┌────────
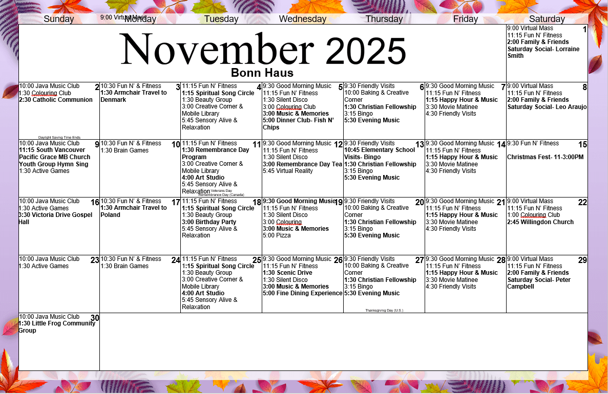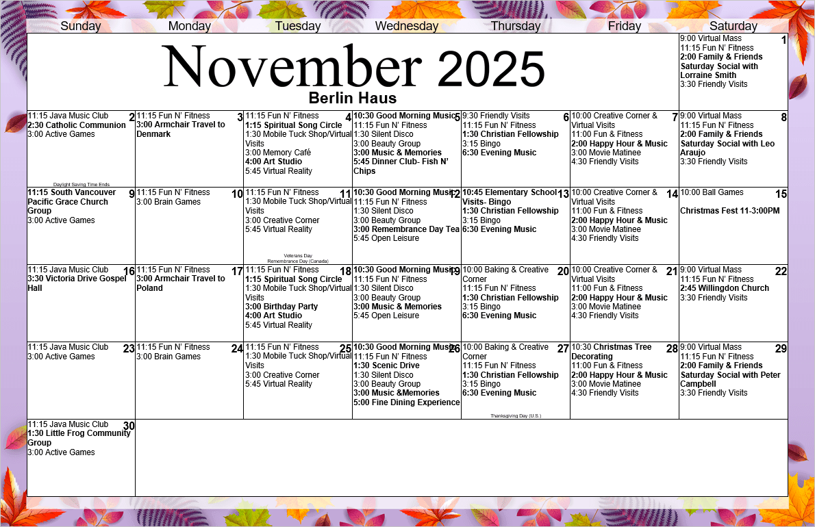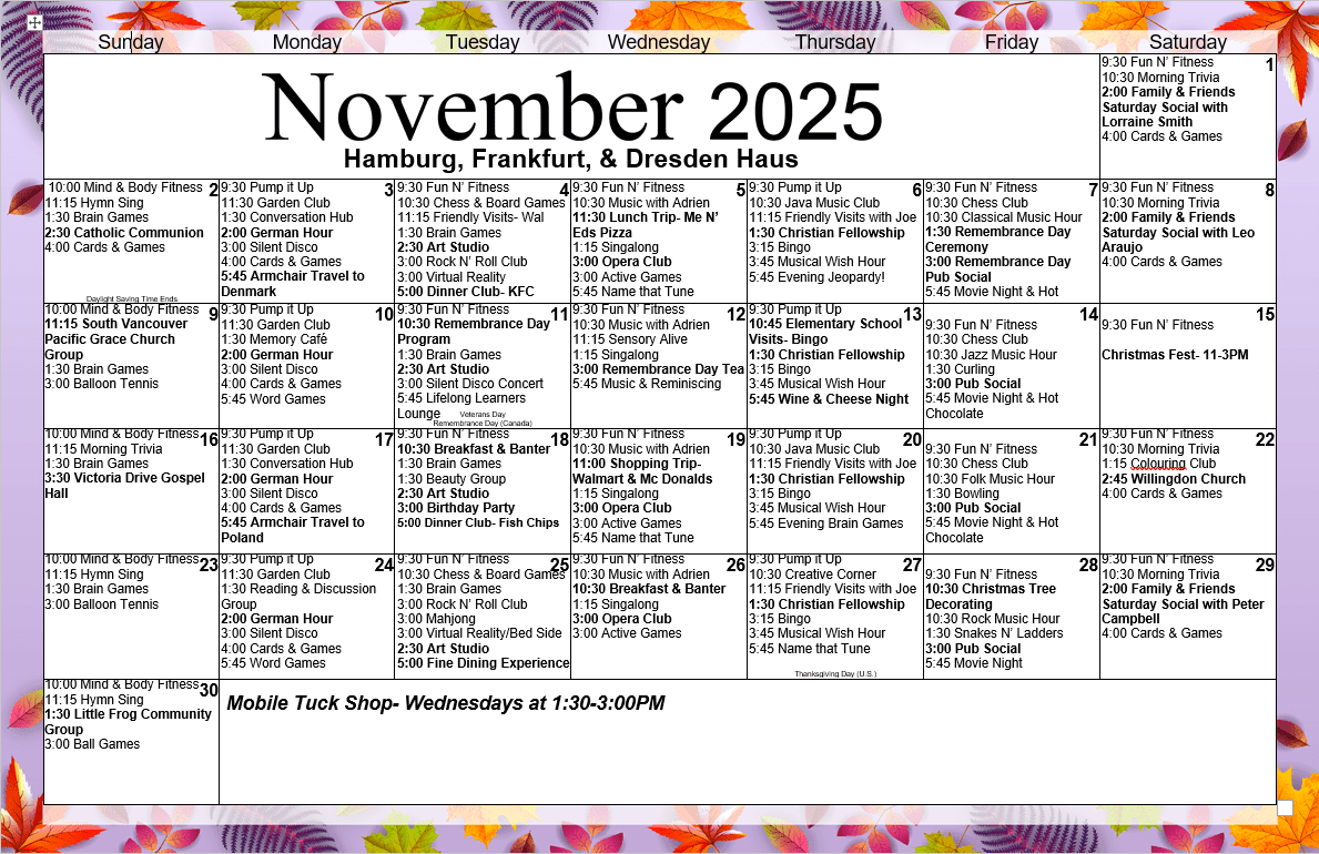 Monthly Recreation Calendar November 2025: Frankfurt, Hamburg, Dresden November 2025: Bonn Haus November 2025: Berlin Haus
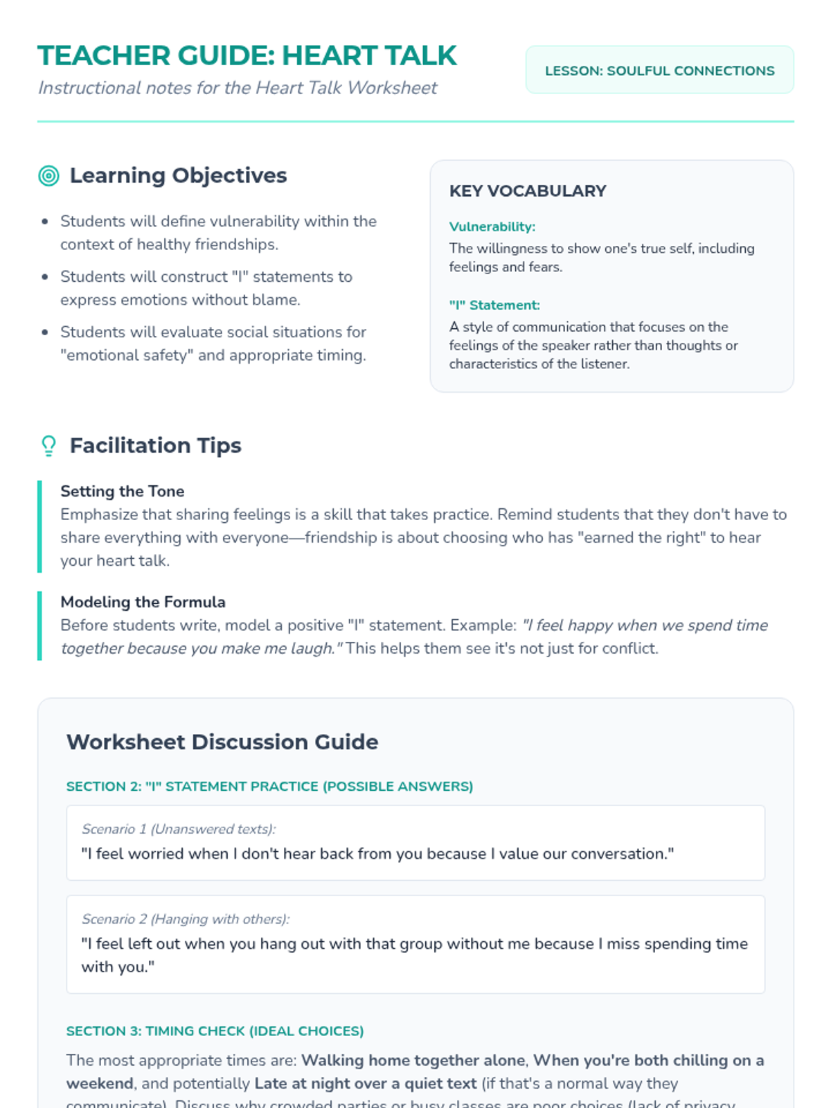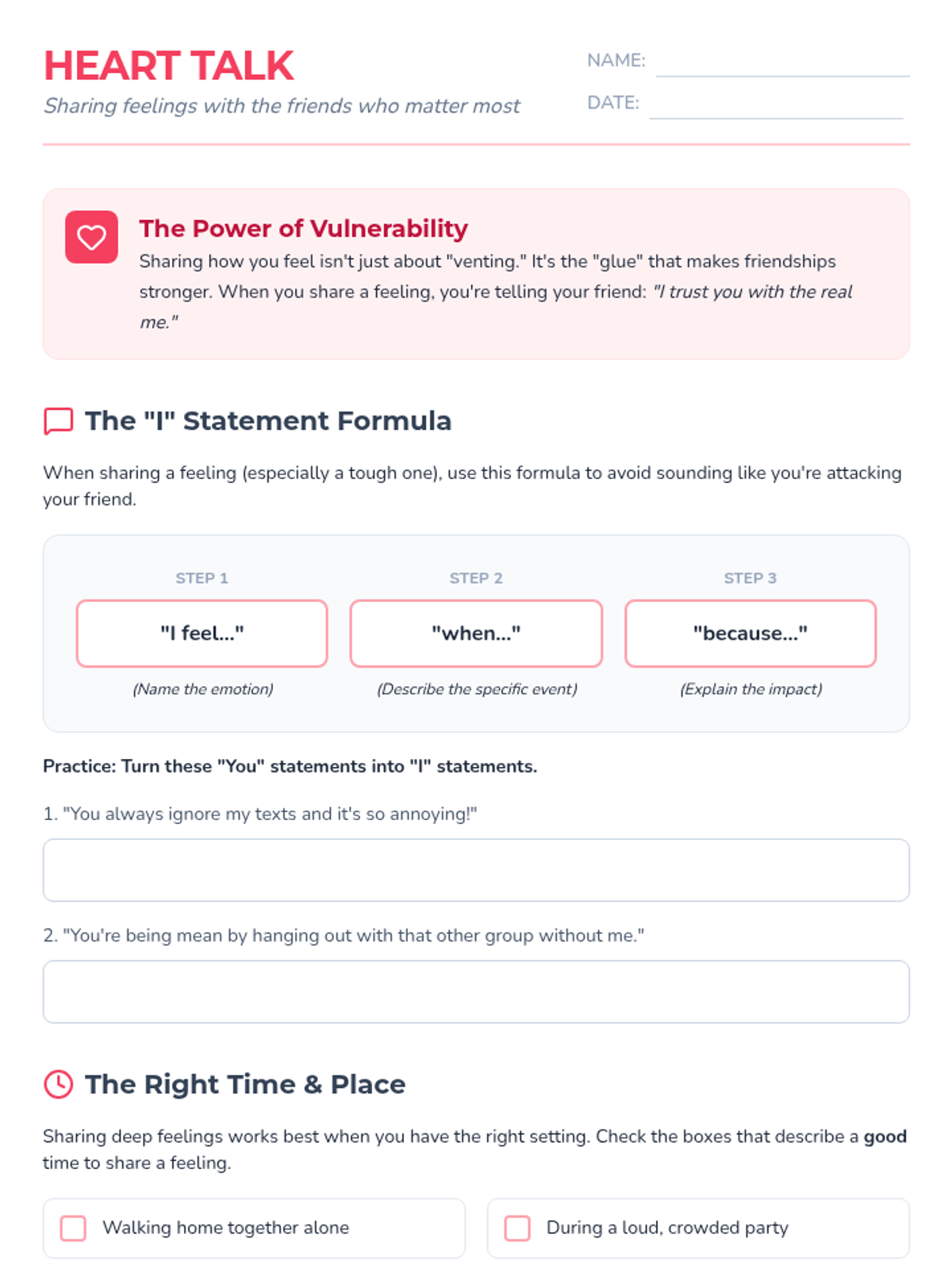 A lesson focused on developing emotional intelligence and communication skills for building deeper, more authentic friendships. Students will learn the "I" statement formula and how to identify appropriate times for sharing personal feelings.
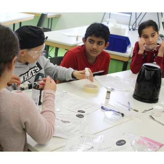 Das SFZ-Team von „Robotics“ zeigte, was man mit Robotern nach einer kurzen Einführung bereits programmieren kann. In kleinen Teams konnte man so den Roboter von Lego kennenlernen, ausprobieren, programmieren, testen, fragen, verzagen und sich freuen, wenn es dann doch noch funktionierte. Mit viel Eifer und Neugier waren die Kinder auch bei dem Workshop Chemie dabei:
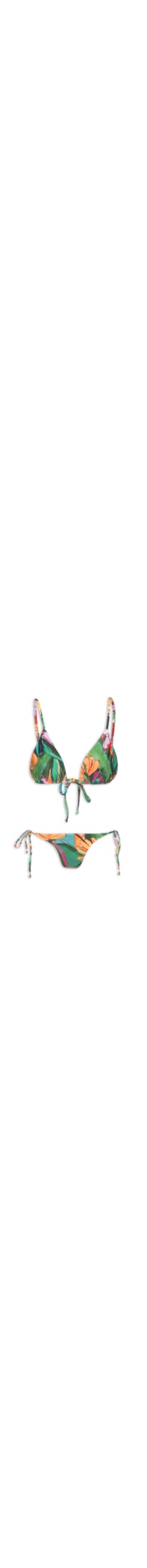 O biquíni verde é confeccionado em malha com alta elasticidade. O top de modelo triângulo possui alças finas, sem bojo, laterais finas, mix de estampas em cores contrastantes e fechamento posterior por amarração. A calcinha de modelo tanga possui laterais finas, forro, mix de estampas em cores contrastantes e fechamento lateral por amarração.
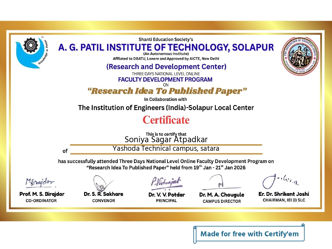 Mrs.SONIYA SAGAR ATPADKAR has successfully completed the ISTE approved Self-Financing Faculty Development Program on “Bridging AI and Robotics: Future of Intelligent Machines” held during 15.07.2025 to 19.07.2025 organized by Yashoda Technical Campus, Satara, Maharashtra.
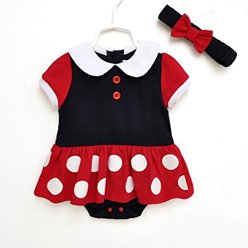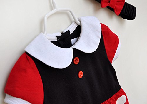 ワンピース風 ロンパース 60 70 80 おそろいのヘアバンド付き 半袖 女の子 入園式 結婚式 誕生日 (60)
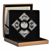 Серебряные монеты 925 пробы, номиналом 2 доллара каждая, вес центральной монеты – 9,25, вес остальных четырех монет – 11,1 г каждая, качество чеканки – «ПРУФ». Выпущены в 2012 году, страна-эмитент – Ниуэ.
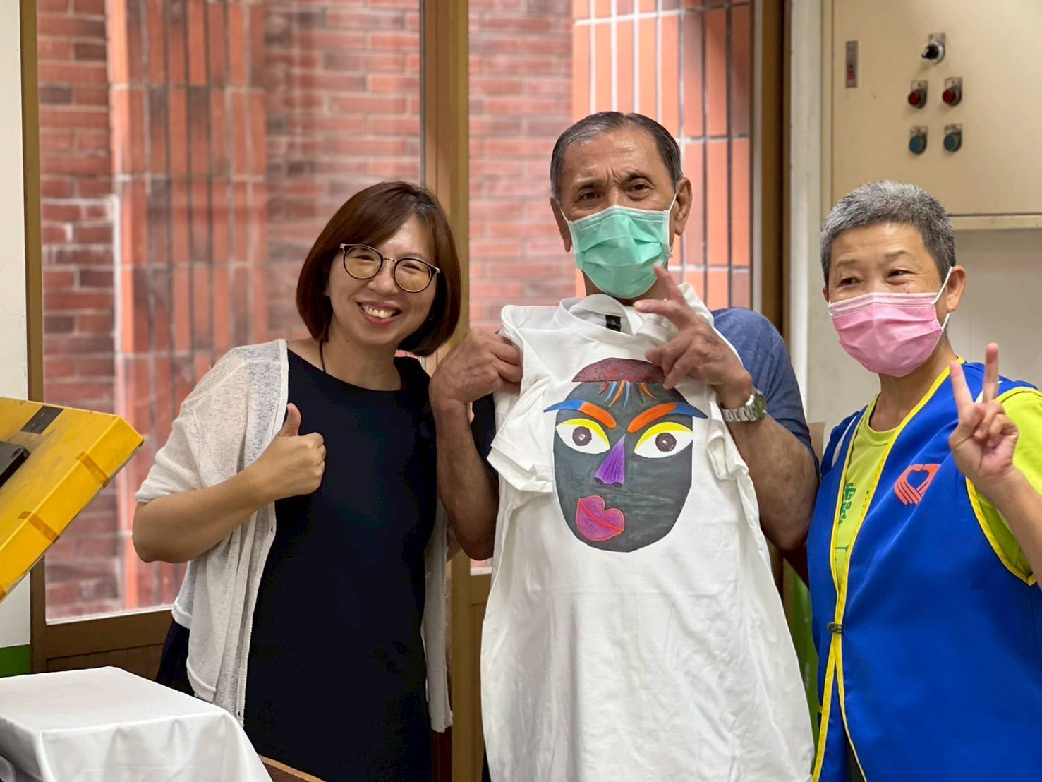 南老長輩平日在機構的生活豐富,除了安排不同的社團、音樂體適能、宗教活動、手作活動等,故於今日服裝選購的會場中,我們特別將長輩於手作社團中的面具圖騰成品與活動主旨結合,利用熱燙印的方式將生動臉孔轉印在服裝上呈現,阿榮長輩驚呼「我成為服裝設計師」露出開心自信的笑容。這些作品擇日亦將於太平洋百貨站展出。
└────────
**TASK INSTRUCTIONS**
Starting from the line where "Das SFZ-Team von" appears, copy every line through the end of the material, both ends included, but no pictures.

**SOLUTION FOR THIS TASK**
 Das SFZ-Team von „Robotics“ zeigte, was man mit Robotern nach einer kurzen Einführung bereits programmieren kann. In kleinen Teams konnte man so den Roboter von Lego kennenlernen, ausprobieren, programmieren, testen, fragen, verzagen und sich freuen, wenn es dann doch noch funktionierte. Mit viel Eifer und Neugier waren die Kinder auch bei dem Workshop Chemie dabei:
 O biquíni verde é confeccionado em malha com alta elasticidade. O top de modelo triângulo possui alças finas, sem bojo, laterais finas, mix de estampas em cores contrastantes e fechamento posterior por amarração. A calcinha de modelo tanga possui laterais finas, forro, mix de estampas em cores contrastantes e fechamento lateral por amarração.
 Mrs.SONIYA SAGAR ATPADKAR has successfully completed the ISTE approved Self-Financing Faculty Development Program on “Bridging AI and Robotics: Future of Intelligent Machines” held during 15.07.2025 to 19.07.2025 organized by Yashoda Technical Campus, Satara, Maharashtra.
 ワンピース風 ロンパース 60 70 80 おそろいのヘアバンド付き 半袖 女の子 入園式 結婚式 誕生日 (60)
 Серебряные монеты 925 пробы, номиналом 2 доллара каждая, вес центральной монеты – 9,25, вес остальных четырех монет – 11,1 г каждая, качество чеканки – «ПРУФ». Выпущены в 2012 году, страна-эмитент – Ниуэ.
 南老長輩平日在機構的生活豐富,除了安排不同的社團、音樂體適能、宗教活動、手作活動等,故於今日服裝選購的會場中,我們特別將長輩於手作社團中的面具圖騰成品與活動主旨結合,利用熱燙印的方式將生動臉孔轉印在服裝上呈現,阿榮長輩驚呼「我成為服裝設計師」露出開心自信的笑容。這些作品擇日亦將於太平洋百貨站展出。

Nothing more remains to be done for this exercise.